## YOUR INSTRUCTIONS
Output a character-exact copy of the data, images removed.

## AVAILABLE DATA
____
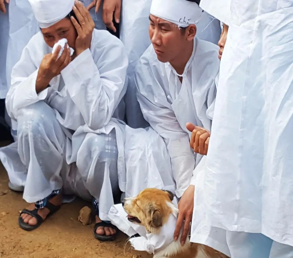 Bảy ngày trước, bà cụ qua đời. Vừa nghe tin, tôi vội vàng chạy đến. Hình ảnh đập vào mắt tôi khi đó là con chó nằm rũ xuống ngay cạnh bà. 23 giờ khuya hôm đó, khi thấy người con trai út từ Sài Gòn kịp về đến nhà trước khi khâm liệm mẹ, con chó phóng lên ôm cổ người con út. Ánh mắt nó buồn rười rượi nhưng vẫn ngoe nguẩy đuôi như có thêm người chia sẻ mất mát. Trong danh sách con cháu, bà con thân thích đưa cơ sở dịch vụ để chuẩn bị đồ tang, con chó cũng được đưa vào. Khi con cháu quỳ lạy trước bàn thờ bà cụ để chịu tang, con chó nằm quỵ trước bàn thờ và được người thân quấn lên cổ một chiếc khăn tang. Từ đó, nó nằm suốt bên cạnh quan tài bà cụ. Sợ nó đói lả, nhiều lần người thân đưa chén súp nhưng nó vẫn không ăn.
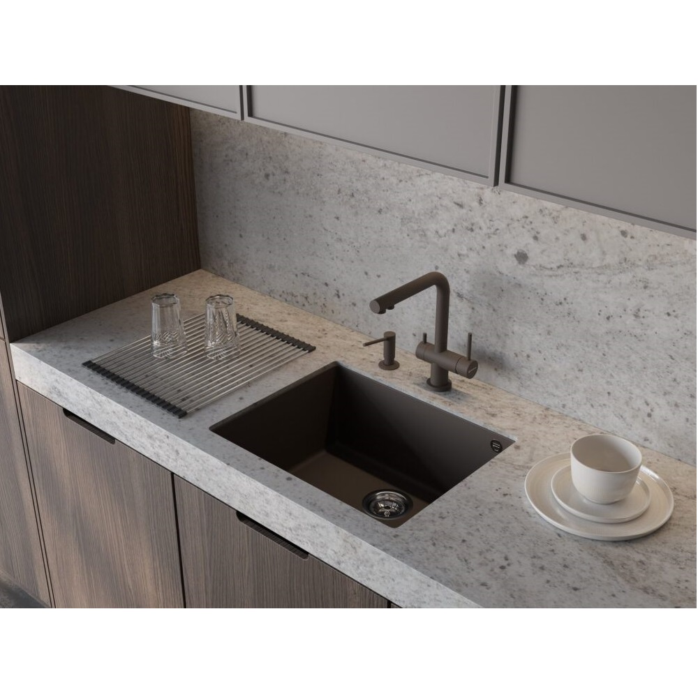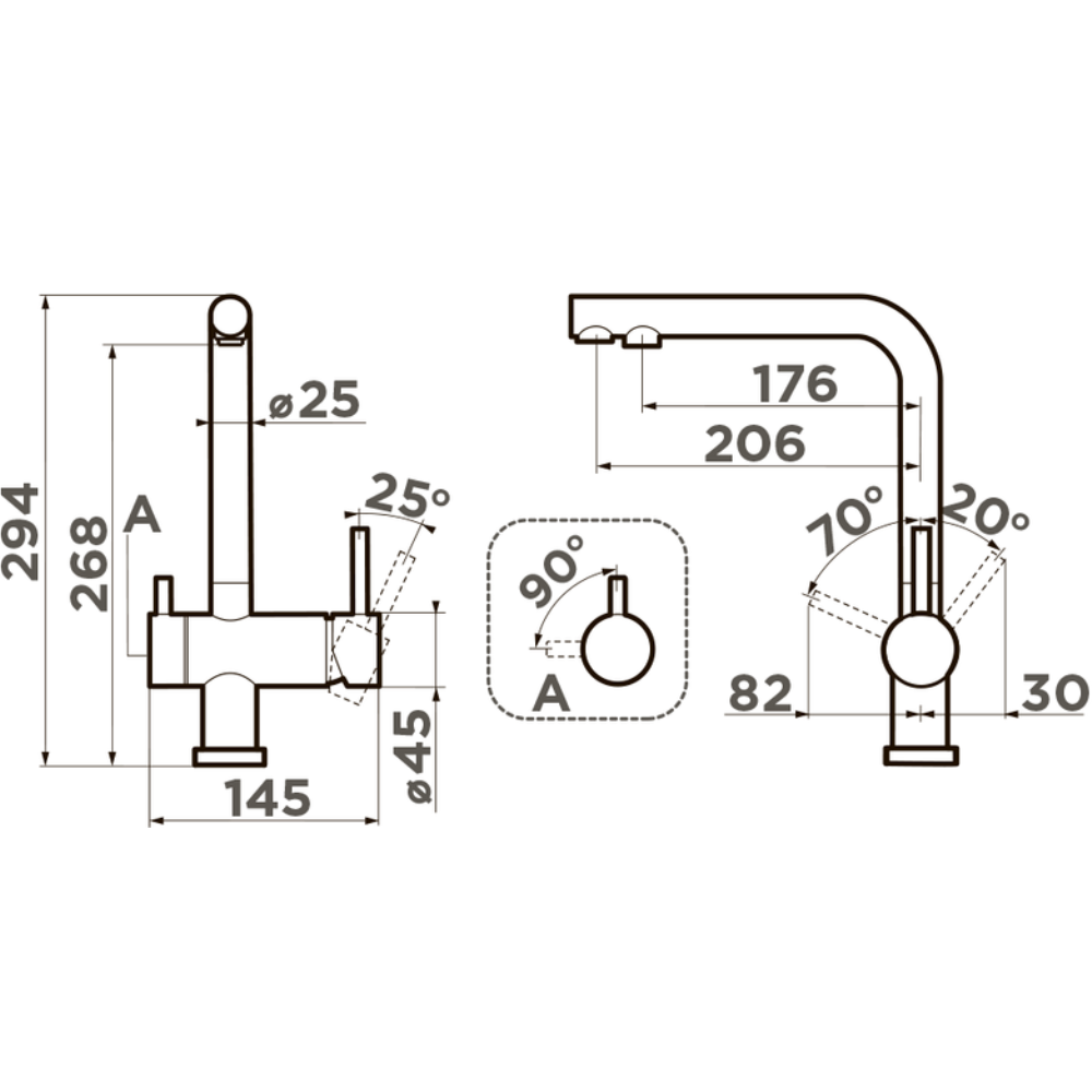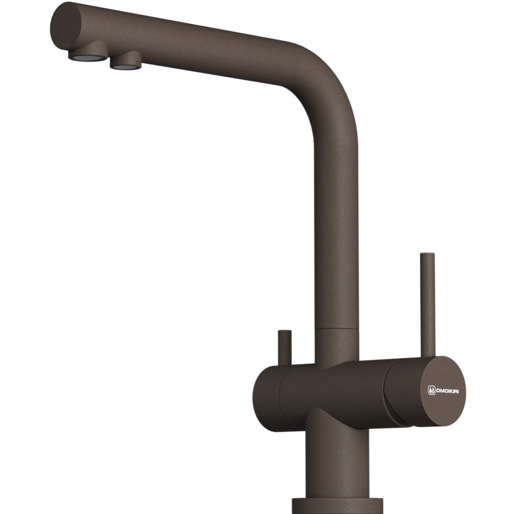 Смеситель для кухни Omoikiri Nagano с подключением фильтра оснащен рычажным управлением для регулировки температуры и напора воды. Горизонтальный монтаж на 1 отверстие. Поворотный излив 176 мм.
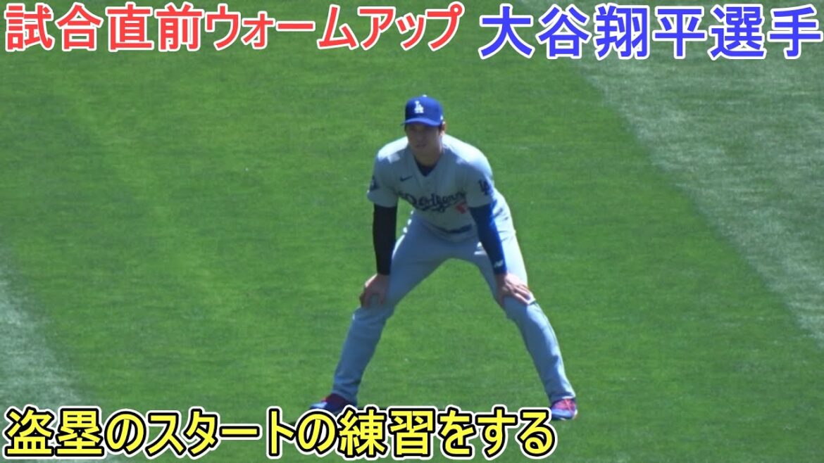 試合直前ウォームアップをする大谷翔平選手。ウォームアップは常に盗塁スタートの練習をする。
____
## WRITTEN SOLUTION
 Bảy ngày trước, bà cụ qua đời. Vừa nghe tin, tôi vội vàng chạy đến. Hình ảnh đập vào mắt tôi khi đó là con chó nằm rũ xuống ngay cạnh bà. 23 giờ khuya hôm đó, khi thấy người con trai út từ Sài Gòn kịp về đến nhà trước khi khâm liệm mẹ, con chó phóng lên ôm cổ người con út. Ánh mắt nó buồn rười rượi nhưng vẫn ngoe nguẩy đuôi như có thêm người chia sẻ mất mát. Trong danh sách con cháu, bà con thân thích đưa cơ sở dịch vụ để chuẩn bị đồ tang, con chó cũng được đưa vào. Khi con cháu quỳ lạy trước bàn thờ bà cụ để chịu tang, con chó nằm quỵ trước bàn thờ và được người thân quấn lên cổ một chiếc khăn tang. Từ đó, nó nằm suốt bên cạnh quan tài bà cụ. Sợ nó đói lả, nhiều lần người thân đưa chén súp nhưng nó vẫn không ăn.
 Смеситель для кухни Omoikiri Nagano с подключением фильтра оснащен рычажным управлением для регулировки температуры и напора воды. Горизонтальный монтаж на 1 отверстие. Поворотный излив 176 мм.
 試合直前ウォームアップをする大谷翔平選手。ウォームアップは常に盗塁スタートの練習をする。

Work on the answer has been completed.